◆ **Your objective**:
Everything from the line that holds "I used Stampin’Up’s" through the end of the records below is to be transcribed exactly, except the pictures.
= = = =
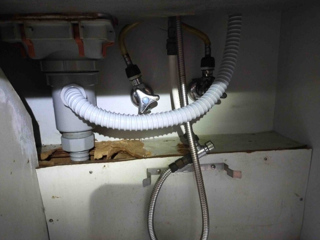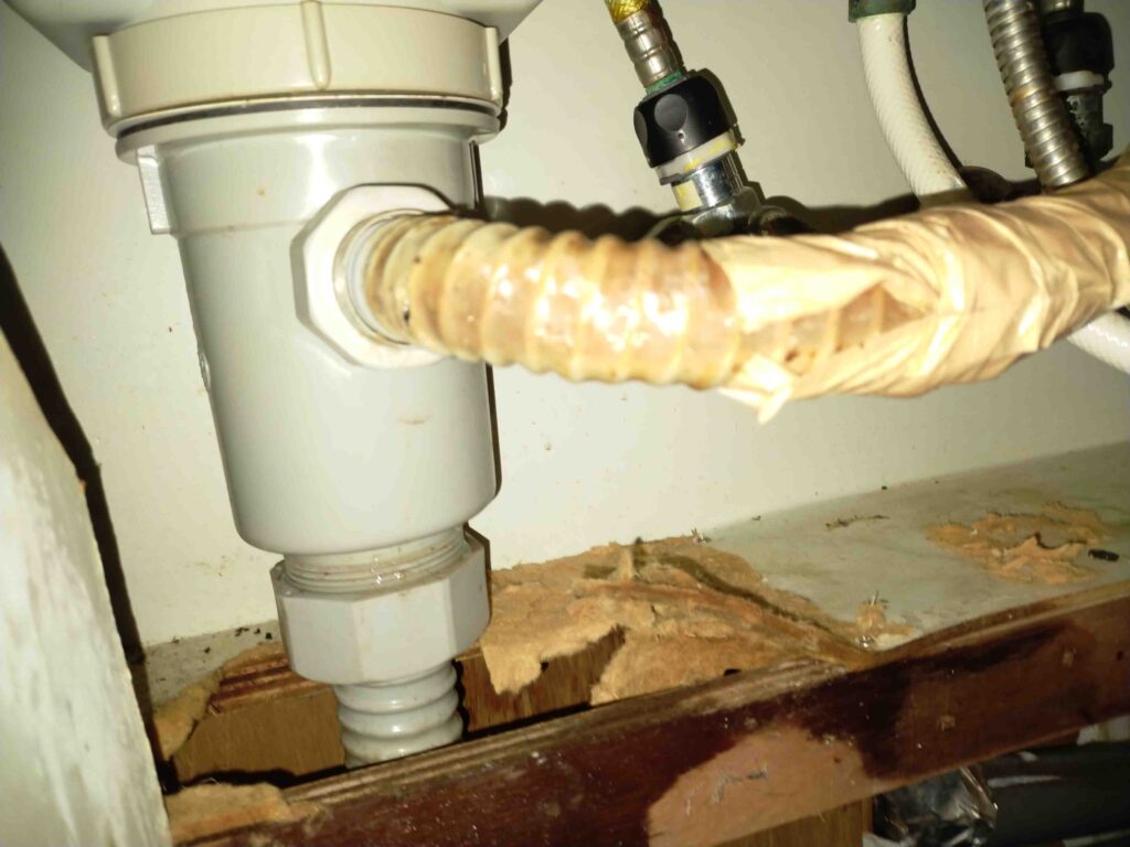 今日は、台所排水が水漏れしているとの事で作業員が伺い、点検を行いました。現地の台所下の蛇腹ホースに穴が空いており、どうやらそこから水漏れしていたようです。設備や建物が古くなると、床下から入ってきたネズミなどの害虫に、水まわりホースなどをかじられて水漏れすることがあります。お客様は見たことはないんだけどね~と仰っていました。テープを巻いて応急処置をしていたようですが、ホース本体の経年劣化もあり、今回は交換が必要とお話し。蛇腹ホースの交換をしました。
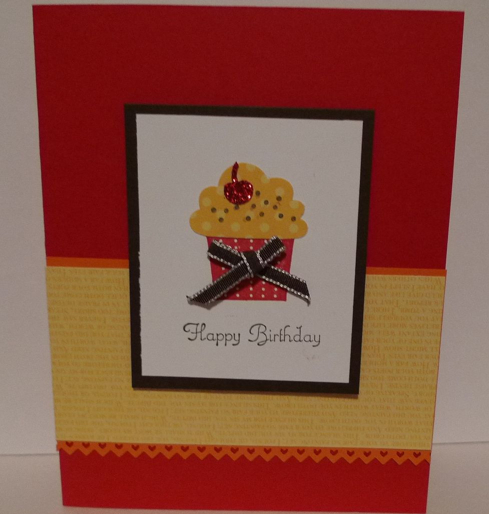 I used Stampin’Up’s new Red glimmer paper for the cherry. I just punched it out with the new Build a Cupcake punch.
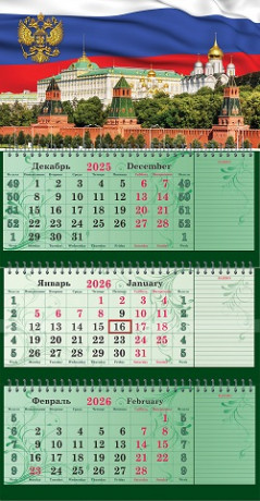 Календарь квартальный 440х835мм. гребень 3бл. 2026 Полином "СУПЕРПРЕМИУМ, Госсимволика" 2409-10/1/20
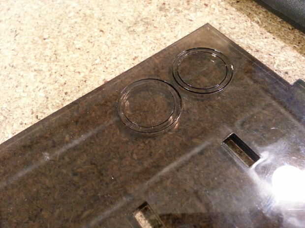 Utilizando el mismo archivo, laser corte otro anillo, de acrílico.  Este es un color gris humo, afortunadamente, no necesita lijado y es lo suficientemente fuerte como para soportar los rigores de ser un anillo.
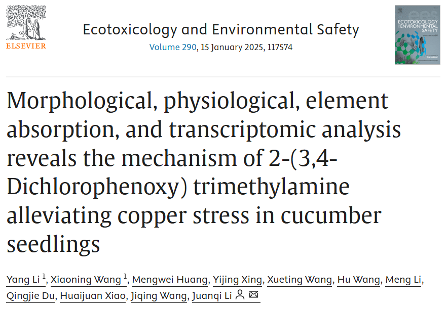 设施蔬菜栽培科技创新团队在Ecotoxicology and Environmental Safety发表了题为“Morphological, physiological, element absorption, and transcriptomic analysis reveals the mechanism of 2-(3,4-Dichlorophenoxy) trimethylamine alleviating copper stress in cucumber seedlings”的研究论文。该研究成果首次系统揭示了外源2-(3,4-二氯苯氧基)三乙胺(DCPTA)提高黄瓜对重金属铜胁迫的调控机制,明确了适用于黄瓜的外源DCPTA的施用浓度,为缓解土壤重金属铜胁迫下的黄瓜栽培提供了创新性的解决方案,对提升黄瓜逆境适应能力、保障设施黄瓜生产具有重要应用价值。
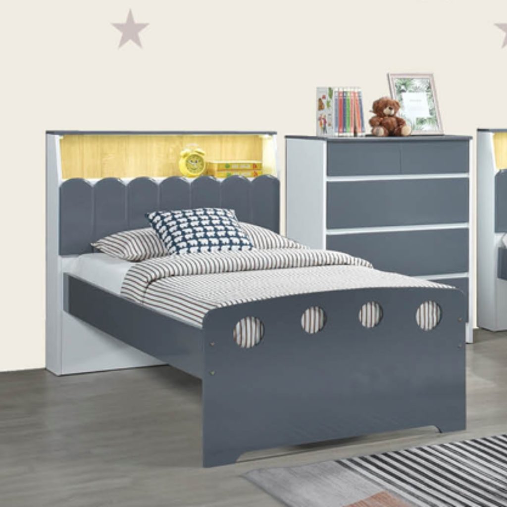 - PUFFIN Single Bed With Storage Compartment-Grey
= = = =
◆ **Response to this task**:
 I used Stampin’Up’s new Red glimmer paper for the cherry. I just punched it out with the new Build a Cupcake punch.
 Календарь квартальный 440х835мм. гребень 3бл. 2026 Полином "СУПЕРПРЕМИУМ, Госсимволика" 2409-10/1/20
 Utilizando el mismo archivo, laser corte otro anillo, de acrílico.  Este es un color gris humo, afortunadamente, no necesita lijado y es lo suficientemente fuerte como para soportar los rigores de ser un anillo.
 设施蔬菜栽培科技创新团队在Ecotoxicology and Environmental Safety发表了题为“Morphological, physiological, element absorption, and transcriptomic analysis reveals the mechanism of 2-(3,4-Dichlorophenoxy) trimethylamine alleviating copper stress in cucumber seedlings”的研究论文。该研究成果首次系统揭示了外源2-(3,4-二氯苯氧基)三乙胺(DCPTA)提高黄瓜对重金属铜胁迫的调控机制,明确了适用于黄瓜的外源DCPTA的施用浓度,为缓解土壤重金属铜胁迫下的黄瓜栽培提供了创新性的解决方案,对提升黄瓜逆境适应能力、保障设施黄瓜生产具有重要应用价值。
 - PUFFIN Single Bed With Storage Compartment-Grey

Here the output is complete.